Saturday, June 17th will mark Charles County, Maryland’s fourth year of hosting the Juneteenth Freedom Day Celebration. The Charles County Juneteenth Foundation was founded four years ago, and its founders have been educating the public through fun and reflection ever since. The foundation is a charitable nonprofit organization which offers a scholarship fund for black high school seniors in Charles County. Each year, a good portion of the money from the celebration, helps eligible students with their college tuition.
The event is held at the Waldorf Center in Waldorf, Maryland, and there are performances and attractions for everyone. Activities range from dunk tanks and double Dutch to poetry and storytelling. But most importantly, guests young and old will learn about Juneteenth. Juneteenth celebrates the day that the enslaved people of Galveston, Texas were informed of their freedom. Despite the Emancipation Proclamation being signed in 1863, the black population was kept in the dark until union soldiers told them about the news in 1865. The joy from this day has been remembered forever by the city of Galveston and the festivities around it, spread throughout the country to places like Waldorf.
As the wealthiest majority black county in United States, the people of Charles County put a lot of effort into Juneteenth festivities. But the magic of Charles’s County’s great celebration can be attributed the most to the great board members of the foundation. For example, Natonya Thomas is both the board secretary and the general manager of the venue, the Shops at Waldorf. The shopping center is set to host over thirty black vendors this weekend.
It also helps that many of the board members have a focus on advocacy. Board member, Abena McCallister is the founder of Woman of Action Charles County, which works to expand on progress made during the Women’s March on Washington.
Tross, who specializes in cyber security, says, “there’s a lot going on in our country right now. Like banning the books. This is not about banning books. This is not about making our fellow folks of the community feel bad about anything. This is about pride. This is about bringing everyone together. This is a community event. We want everyone to come. No matter who you are, you are invited. This is important that we as a community come together and just celebrate.”
When it comes to the meaning of the event Jackson, the CEO of Phoenix International Incorporated, thinks of the perseverance of the enslaved people who were still forced to work after the emancipation proclamation was signed.
Jackson says, “I work specifically with young people a lot. So I think about what example I’m setting. How am I portraying that perseverance in my work, despite the challenges that are put forward us today? I really do think about perseverance specifically for young people and making sure that we can build a community, a black community that they can be proud of as they grow and get older.”
Jackson, who also has a background in education, has a large role in the way the holiday and black history is taught at the event.

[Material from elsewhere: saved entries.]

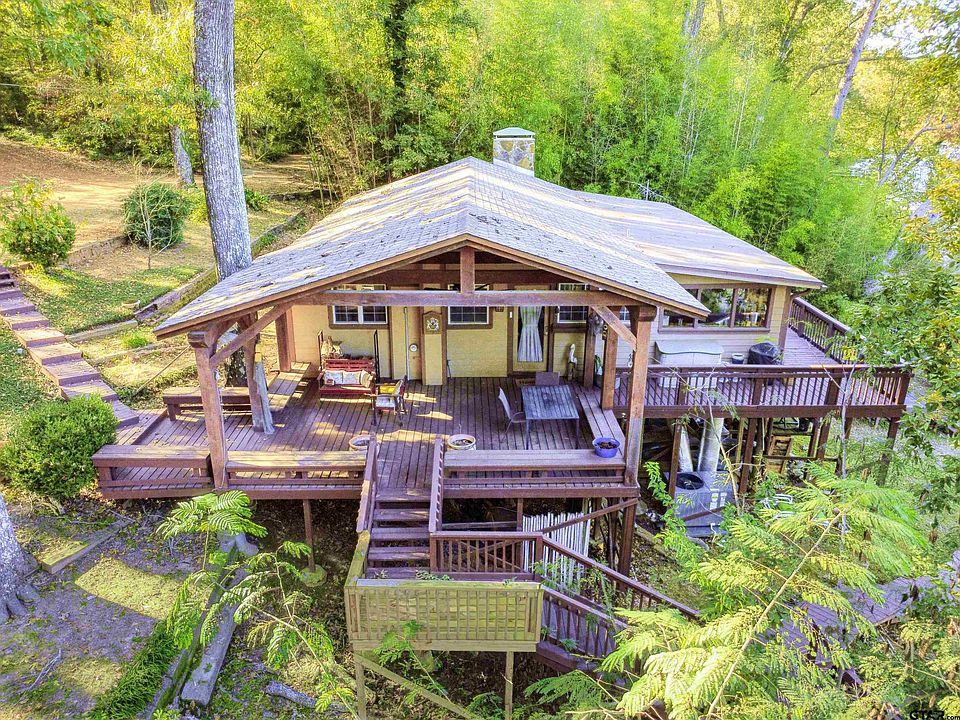 Discover the natural beauty and serenity of Lake Placid from this inviting waterfront cabin-style residence in Tyler. Tucked among mature shade trees and bamboo for privacy, this home sits directly on the lake’s edge and offers panoramic water and forest views from nearly every room. Multi-level wood decks and covered porches extend the living space outdoors, creating perfect vantage points for lake views and gatherings beside the water. A private dock provides direct lake access for fishing, paddleboarding, or kayaking. There are 2 separate storage sheds as well as two storage areas beneath the house. Inside, the open-concept great room features wood-paneled walls, vaulted ceilings with exposed beams, and a stone-faced fireplace that anchors the space. Large windows frame the lake setting and fill the interior with natural light. The kitchen offers long counter runs, abundant cabinetry, and a wall of picture windows overlooking the trees and shoreline. A flexible game room or dining area connects seamlessly to the main living space, creating an easy flow for entertaining. The spacious covered deck includes seating and dining zones under a timber-beam roof with ceiling fan. A gently sloped pathway leads to the dock and shoreline. Located approximately 9 miles from downtown Tyler, with groceries, coffee shops, and restaurants within 10 minutes. Enjoy a rare combination of lake access, wooded privacy, and proximity to town—a true East Texas hideaway on scenic Lake Placid.
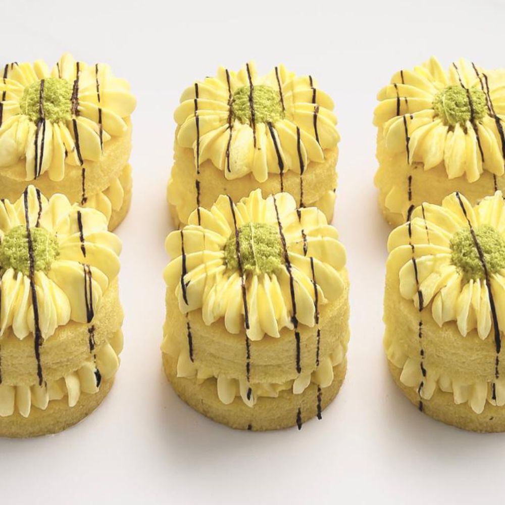 A rich delight layered with pistachio cream and buttery kunafa, topped with smooth buttercream and finished with a drizzle of decadent chocolate — a perfect fusion of flavor and texture.
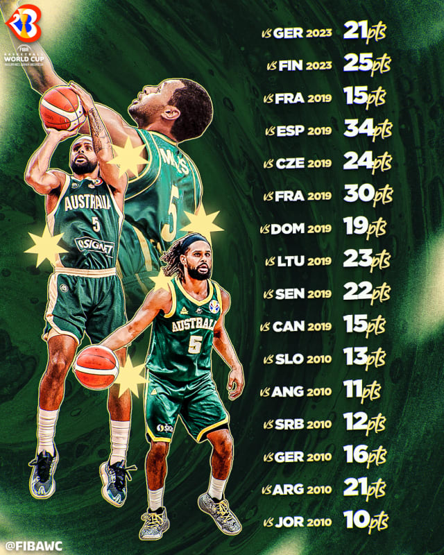 OKINAWA (Japan) - Patty Mills further cemented his place as one of Australia's greatest as he became the Boomers' second all-time leading scorer in the FIBA Basketball World Cup.
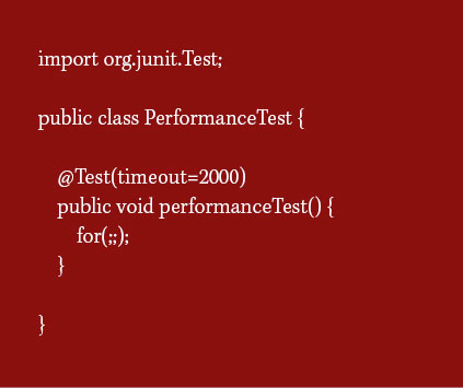 JUnit 4 proporciona ayuda para realizar pruebas de desempeño dentro de las pruebas unitarias. Y aunque no resuelve de todo el tema de este tipo de pruebas por no ser su objetivo principal, sí proporciona una ayuda importante. Ejemplo:

Jackson says, “we do an oratory presentation for youth. Storytelling is deeply embedded in the culture of African people here in America and African Americans. We integrate all of that into this program and hope that our guests, when they leave, they leave feeling joy, they leave feeling pride, and that they have learned something new that they didn’t know about Juneteenth, the contributions of African Americans here in Charles County and across the nation.”
In addition to things like black cowboys and face painting, renowned educator, Dr. Gianni Clarkson will be giving an interactive history lesson to guests.
With the celebration coming up this Saturday, get tickets on Eventbrite or donate to the scholarship fund. The foundation’s email is email@example.com.
“It’s all about educating our youth and leaving a legacy,” says Tross.